• **The data**:
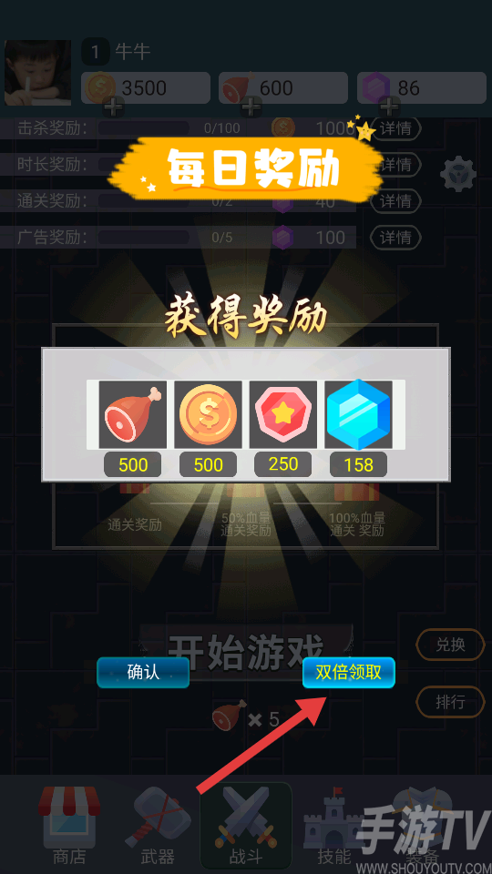 1、进入游戏先领【每日奖励】,点击【双倍领取】获取更多资源如500肉、500金币等,增强初始实力。
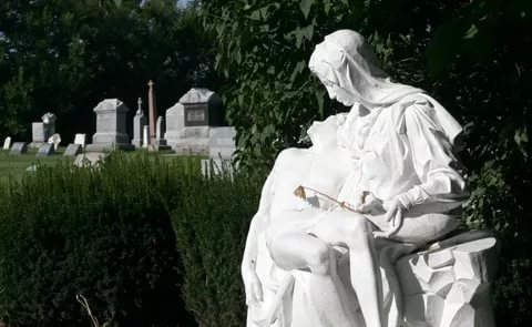 - Божья матерь символизирует умиротворение и бесконечную любовь. Она является матерью для любой души, даже пропащей. Принято верить, что изображение Божьей Матери на надгробии, оберегает душу умершего.
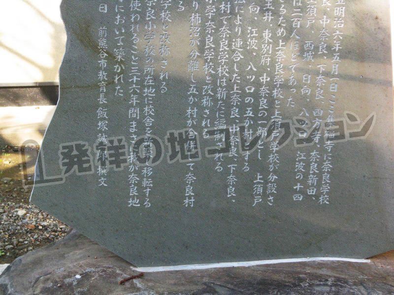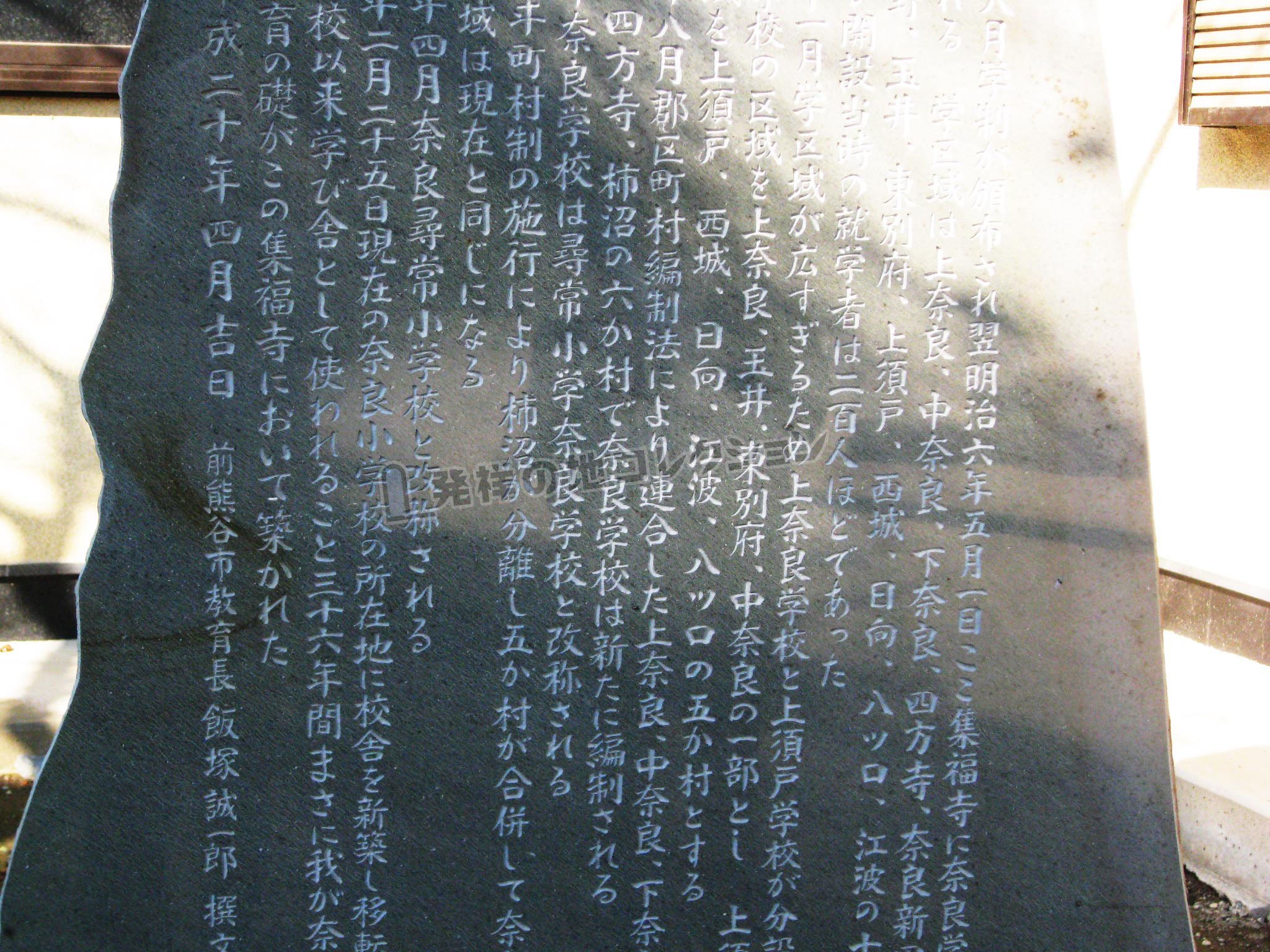 明治四十二年二月二十五日現在の奈良小学校の所在地に校舎を新築し移転する 明治六年開校以来学び舎として使われること三十六年間まさに我が奈良地 域の学校教育の礎がこの集福寺において築かれた平成二十年四月吉日 前熊谷市教育長 飯塚誠一郎 撰文
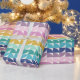 This cute wrapping paper features a pattern of simple geometric shapes in a pastel rainbow colour palette.
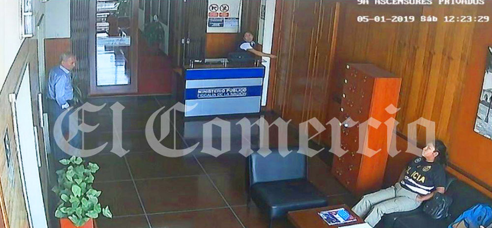 En la visualización de las imágenes de las cámaras de seguridad se aprecia que Pedro Chávarry ingresa a las 12:23 p.m. al noveno piso del Ministerio Público, donde está el despacho del fiscal de la Nación. Lo hace acompañado por el suboficial y miembro de su seguridad Juan Arias Contreras, quien minutos después participó en la violación de la oficina lacrada.
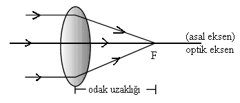 Şekil 1 Paralel gelen ışınların konveks lenste kırılarak bir odak noktasında kesişmesi.
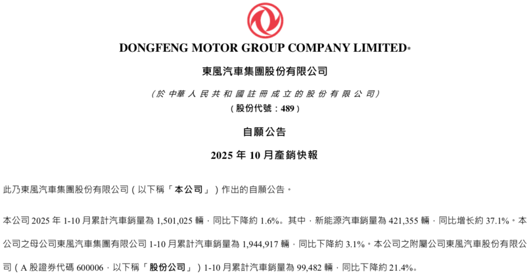 11月6日,东风汽车集团股份有限公司(下称“东风汽车集团”)发布2025年10月以及2025年1-10月销量数据。数据显示,10月东风汽车集团销量为18.43万辆,同比增长16.2%。其中,新能源汽车销量为5.94万辆,同比增长47.6%。截至10月底,今年前10月东风汽车集团累计销量为150.10万辆,同比下滑1.6%。其中,新能源汽车累计销量为42.14万辆,同比增长37.1%。
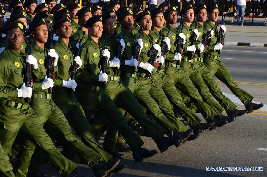 De inmediato comenzó el desfile militar con un componente histórico encabezado por una caballería de 128 "mambises" (rebeldes independentistas que de 1868 a 1898 lucharon contra el colonialismo español).
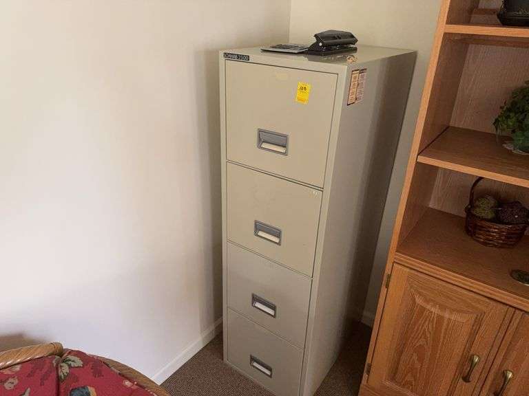 Law includes Schwab 2500 filing cabinet measuring 4 foot 5 1/2 inches tall by 1 foot 4 1/2 inches wide by 2‘1“ deep, lot also includes three whole punch, calculator.
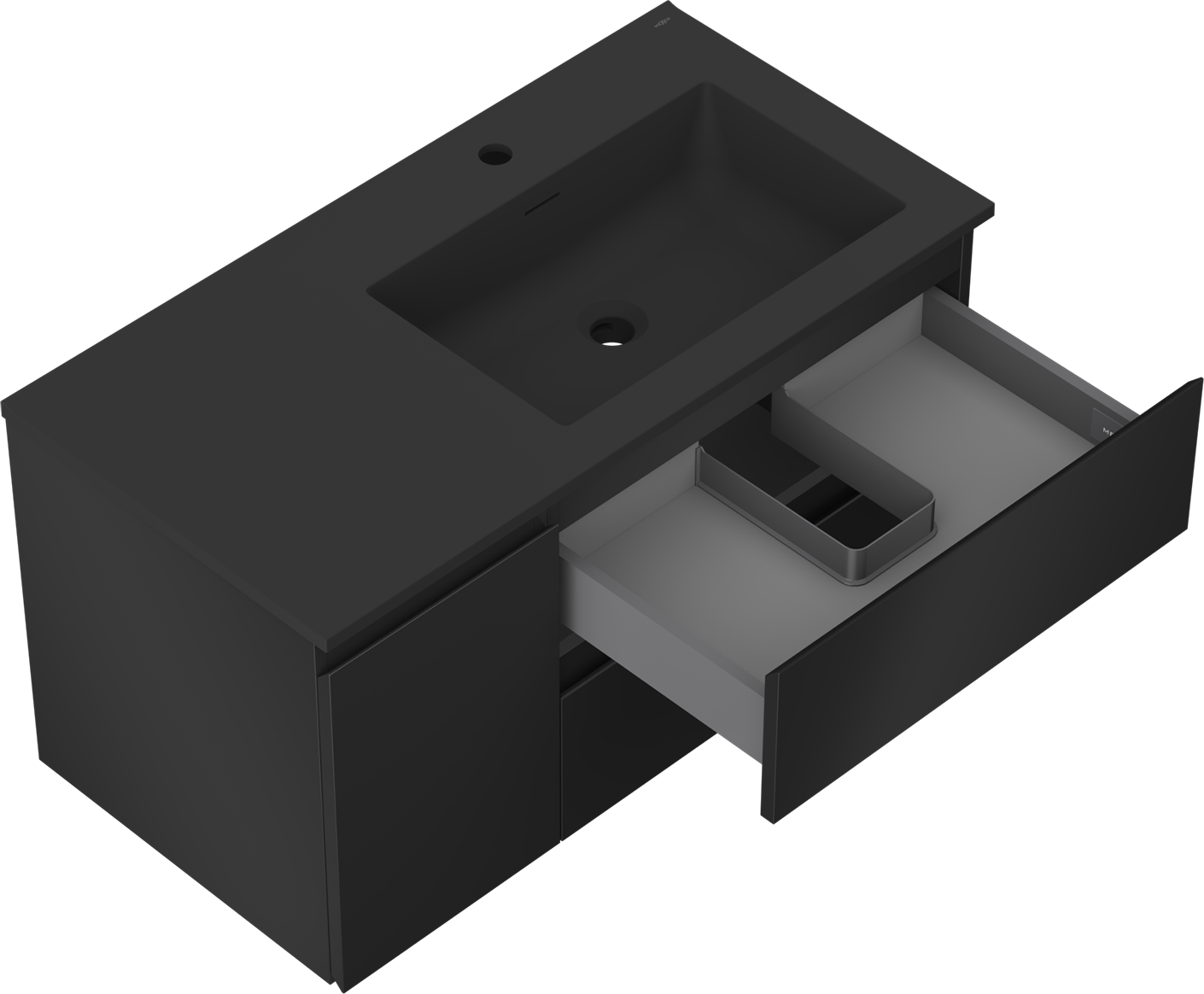 El corte en el cajón está diseñado de tal manera que pueda alojar el sifón, que es necesario en las instalaciones de lavabos. Gracias a esto, el mueble puede ser montado de manera completamente funcional, sin la necesidad de renunciar al espacio en el cajón en favor de la instalación.
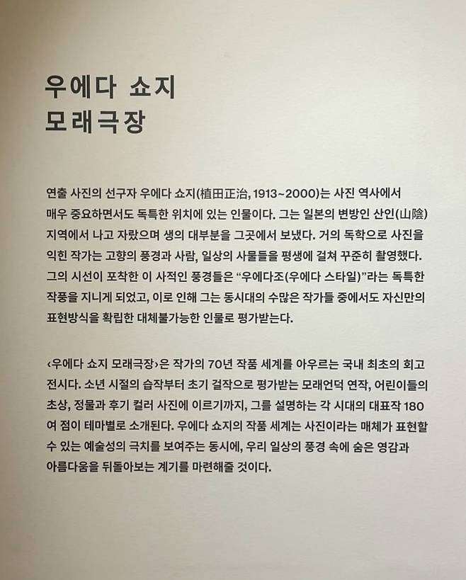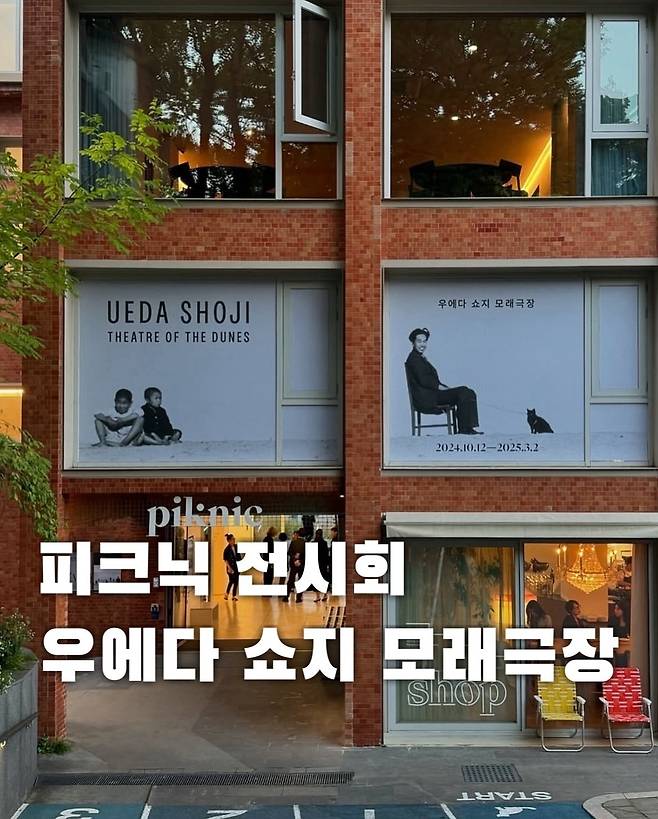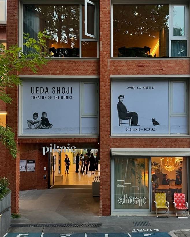 피크닉은 20세기 일본 사진계를 대표하는 작가이자 연출 사진의 선구자인 우에다 쇼지의 단독 전시 '우에다 쇼지 모래극장'을 선보인다. 우에다 쇼지는 일본의 소박한 시골 지역인 돗토리현에서 나고 자라 평생 대도시가 아닌 고향에 머무르며 작업한 특이한 이력의 소유자다. 특히 지역의 독특한 풍광인 바닷가와 거대한 모래언덕은 그가 70년 가까이 즐겨 촬영한 장소로, 마그리트나 달리를 연상시키는 초현실적인 분위기를 만들어내는 데 결정적인 역할을 한다. 이러한 환경 속에서 어떠한 유행이나 유파에도 속하지 않고 스스로 확립해 나간 우에다의 독자적인 스타일을 서구에서는 '우에다조'라는 고유명사로 부른다.
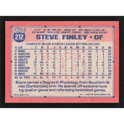 This is a 1991 Topps Steve Finley baseball card. The card is #212 and pictures show condition.
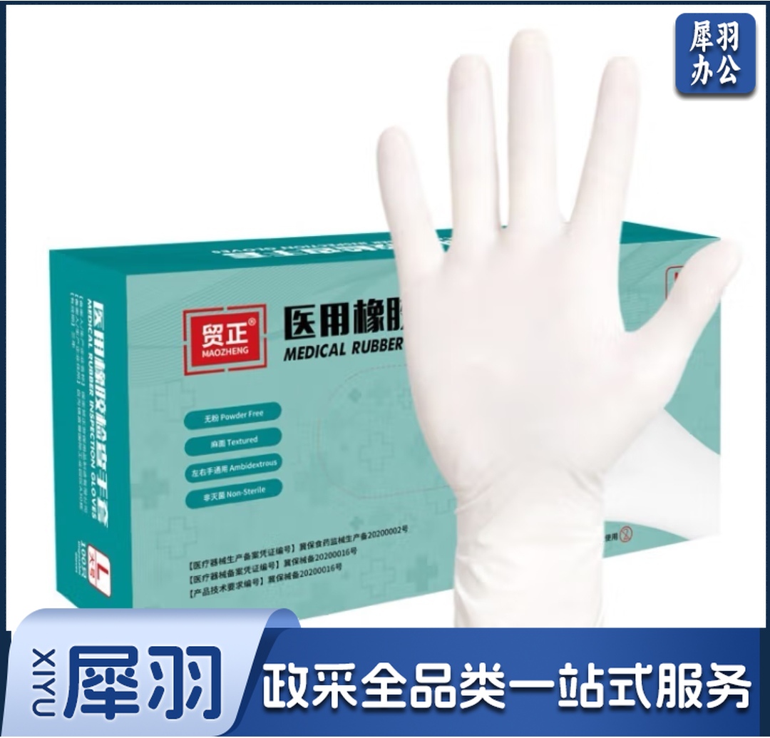 贸正 MZS-Y1 检查手套 一次性橡胶手套 无粉乳胶手套100支
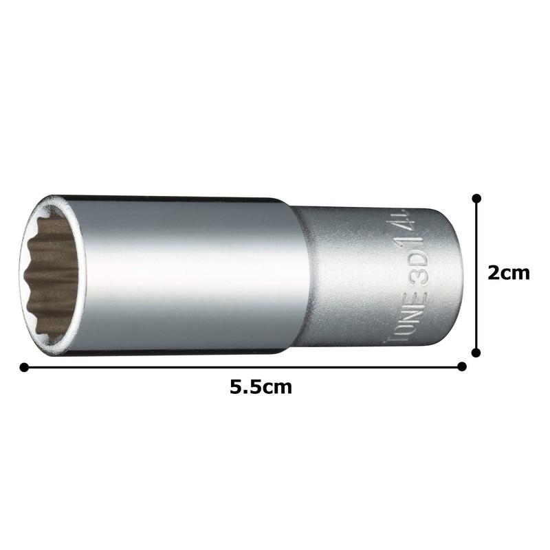 TONE HP3D-14L Deep Socket (12 Square) Drive Angle 0.3 inch (9.5 mm) (3/8 mm), Double Side Width 0.6 inches (14 mm)
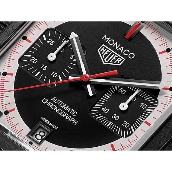 De TAG Heuer Monaco Chronograph Stopwatch, die de esthetiek van de originele TAG Heuer stopwatches uit de jaren '60 en '70 nieuw leven inblaast, brengt de spanning van het racecircuit naar de pols. Dit limited-edition chronograaf in met zwart DLC gecoat titanium is een eerbetoon aan TAG Heuer's rijke tijdmeet-erfgoed en combineert het iconische Kaliber 11 met een resoluut vintage-geïnspireerd design.
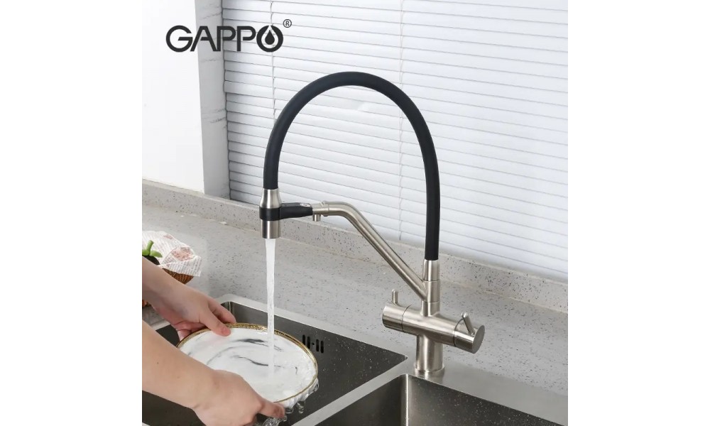 Смеситель для кухонной мойки с магнитной фиксацией силиконового излива к смесителю, два режима (струи) подачи обычной воды, аэратор поворотный с переключателлем Gappo G4398-85
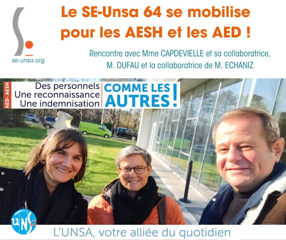 Ce lundi 20 janvier, Pierre, Nathalie et Marie-Laure ont rencontré Mme CAPDEVIELLE et sa collaboratrice, M. DUFAU et la collaboratrice de M. ECHANIZ pour évoquer la situation des AESH et AED.
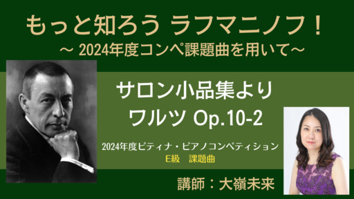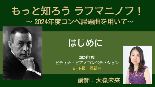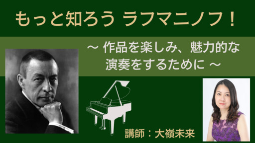 2013~2016年にかけて6回に及ぶラフマニノフ全曲演奏会を成し遂げられたピアニスト・大嶺未来先生が、広大にして深遠なるラフマニノフの世界をお話します。
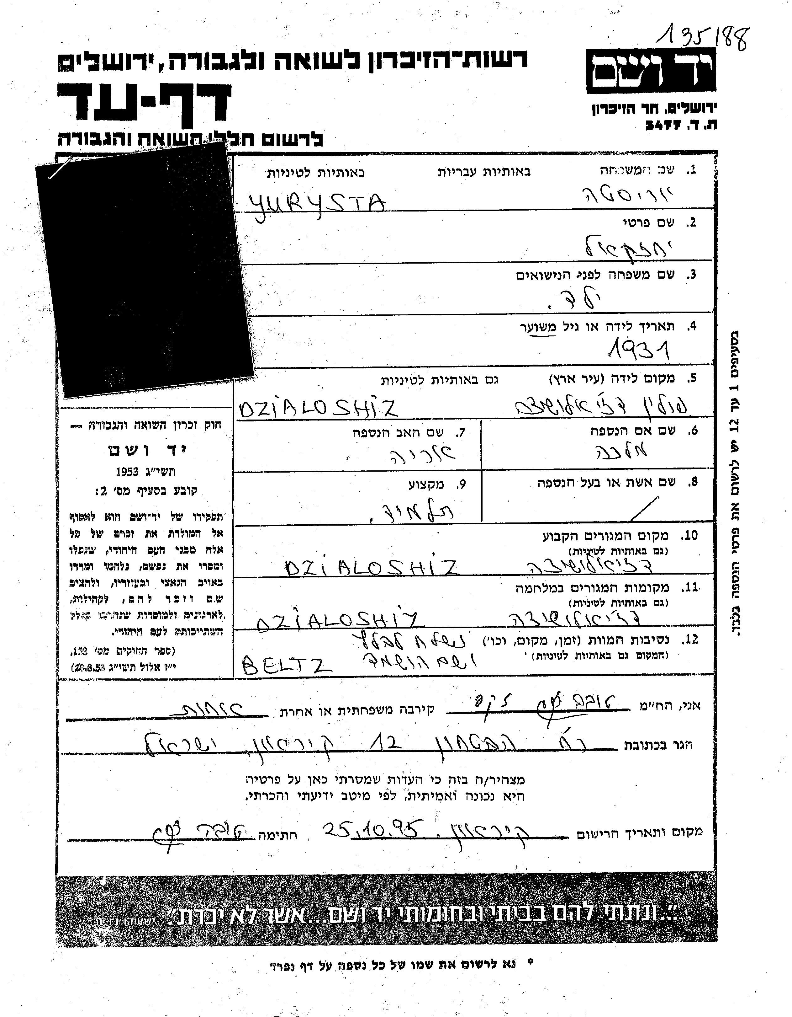 Yechaskel Jurysta wurde im Jahr 1931 in Dzialoszyce, Polen geboren. Er war Schüler/-in. Vor dem Zweiten Weltkrieg lebte er in Dzialoszyce, Polen.
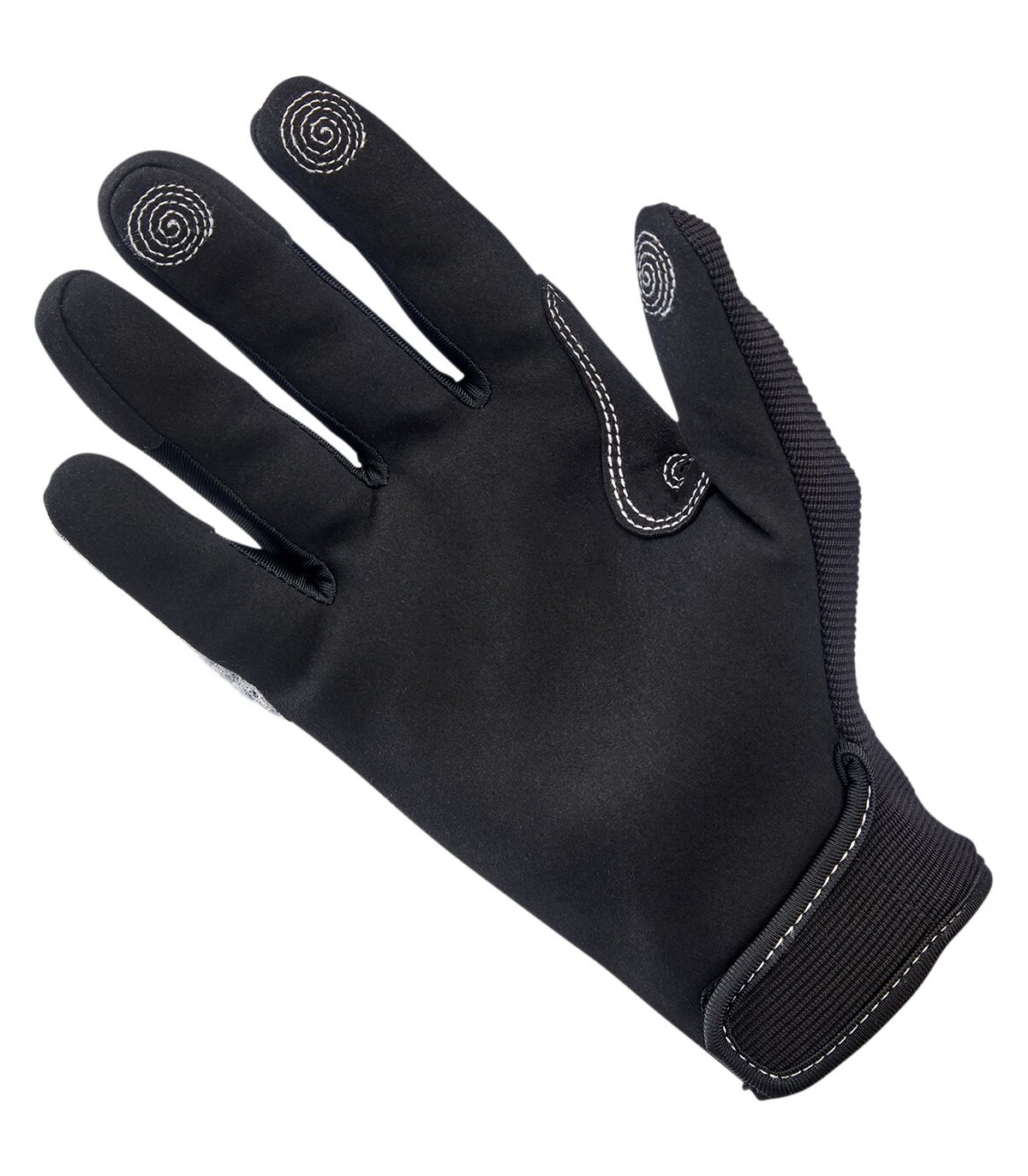 Anza GlovesSynthetic suede palm features two-way stretch for a snug, comfortable fitThree-ply, one-piece vented polyester back and thumb construction for maximum airflowFlexible thermoplastic rubber knuckle guards and shield logoLycra® expansion panels in finger joints for dexterityRugged Single- and double-needle polyester stitchingThermoplastic rubber knuckle guards on the back of the glove provide protection from rocky roost and airborne road debrisA double-stitched reinforcement panel on the thumb and index finger adds strength to the friction zone between your hands and the gripsConductive stitching in fingers and thumb lets you operate smart screens
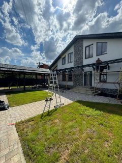 Дом полностью кирпичный, 2 этажа. В доме может комфортно разместиться большая семья. Очень практичная и современная планировка: большая кухня-столовая, гостиная, несколько спален, 2 санузла, просторная терраса, гардеробная, котельная с выходом во двор. Сделана качественная пред чистовая отделка, электрика, система отопления премиум класса, видео наблюдение, автоматический полив и т. Д.

• **Task**: With the pictures omitted, copy the entries above exactly from the line containing "Ce lundi 20" through the line containing "Yechaskel Jurysta wurde", both lines included.

• **Exercise response**:
 Ce lundi 20 janvier, Pierre, Nathalie et Marie-Laure ont rencontré Mme CAPDEVIELLE et sa collaboratrice, M. DUFAU et la collaboratrice de M. ECHANIZ pour évoquer la situation des AESH et AED.
 2013~2016年にかけて6回に及ぶラフマニノフ全曲演奏会を成し遂げられたピアニスト・大嶺未来先生が、広大にして深遠なるラフマニノフの世界をお話します。
 Yechaskel Jurysta wurde im Jahr 1931 in Dzialoszyce, Polen geboren. Er war Schüler/-in. Vor dem Zweiten Weltkrieg lebte er in Dzialoszyce, Polen.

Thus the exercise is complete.